Cash offer amounts do vary by neighborhood. Homes in areas with higher resale demand and faster-selling comparables typically support stronger offers. We pull local data for your specific area - not a blanket city-wide estimate - so the number you get reflects what's actually happening in your neighborhood right now. For more about the state-level process, see our page on selling your house fast in Tennessee.
National iBuyers typically target move-in-ready homes in mid-range price bands where their automated valuation models perform reliably. In Nashville's current market - with a median around $475,000 and 87 days on market - iBuyers tend to be selective and often decline homes that need work, have title complications, or sit outside their target price range. They also charge service fees that can run 5-8% of the sale price.
A local cash buyer handles a wider range of situations: inherited properties, homes with deferred maintenance, code violations, tenants in place, or foreclosure pressure. The trade-off is that local buyers operate with less volume, so decision-making is faster and more flexible. You're talking to someone who knows what Donelson comps are doing right now - not an algorithm calibrated for a national portfolio. For more context on the Nashville market, this Nashville real estate market news piece covers some of the dynamics shaping local selling decisions.
Check that they can show proof of funds - any legitimate cash buyer should be able to provide a bank letter or verified funds statement before you sign anything. Look for a BBB listing with an accreditation rating and actual reviews, not just a star count with no written feedback. Verify their business name is registered with the Tennessee Secretary of State and that any purchase contract goes through a licensed title company with real title insurance.
Be cautious of buyers who pressure you to sign before you've had time to review, or who ask you to sign a deed directly to them outside of a title company closing. Tennessee cash sales close through title companies precisely because that process protects both parties.

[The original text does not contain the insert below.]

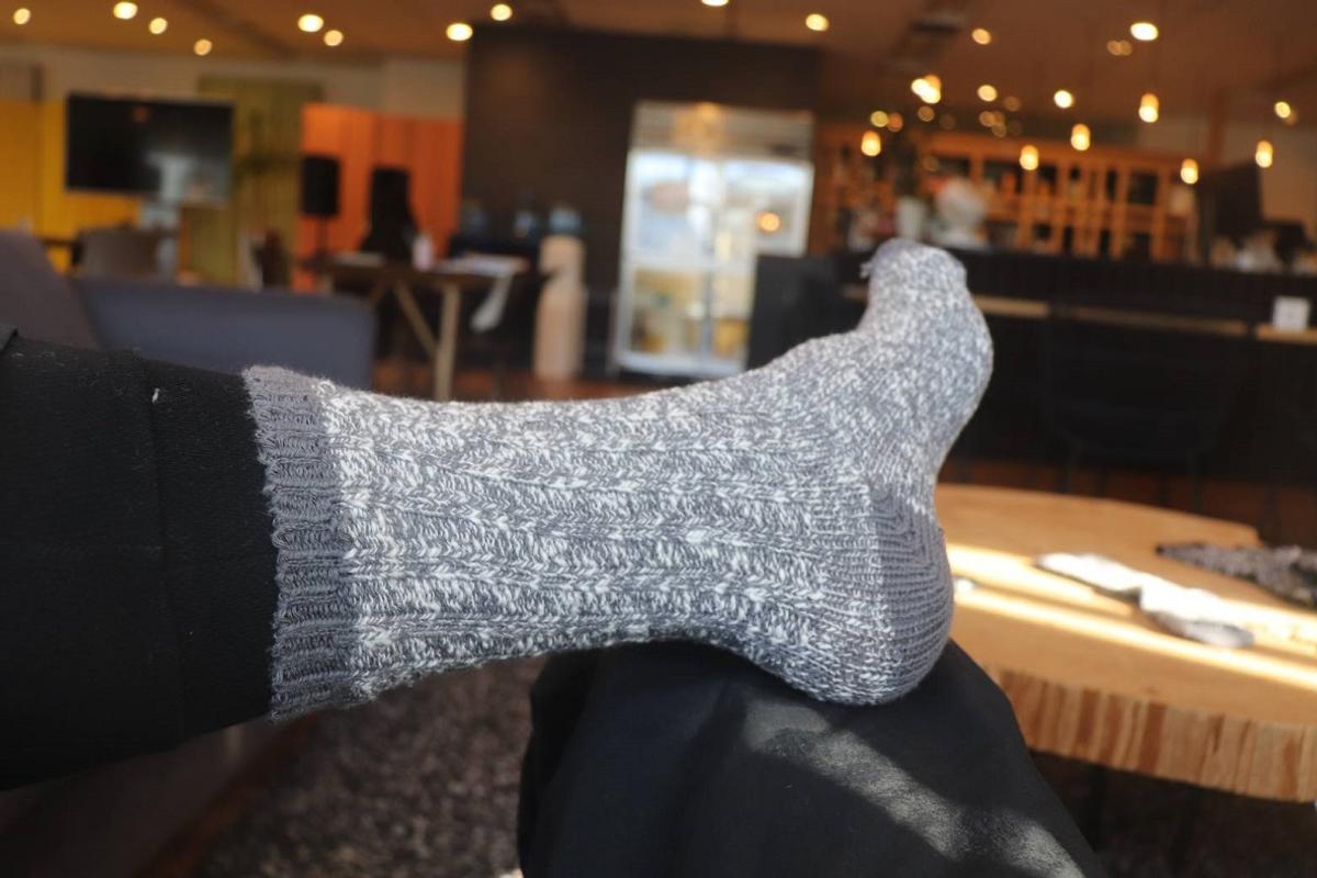見た目だけだとゴワゴワしていそうですが、履いてみると意外とソフト! 肌にピタッとくっつくというよりは、太い糸の力で足全体を均一に覆っている感じです。なにより暖かい……!

In Tennessee, inherited real property typically can't be sold until the estate is opened in Davidson County probate court and a personal representative is appointed with authority to sell. If there's a will, the personal representative named in it usually has that authority once the will is admitted to probate. Without a will, the court appoints an administrator. Either way, the personal representative signs the deed at closing - not the individual heirs.
Tennessee does allow simplified procedures for qualifying small estates, but those apply mainly when probate is minimal and assets are limited. If the home is the primary asset, standard probate is usually required. We work with sellers at various stages of this process - you don't need to have everything resolved before reaching out. We can walk through what's already in place and what still needs to happen before a closing date can be set.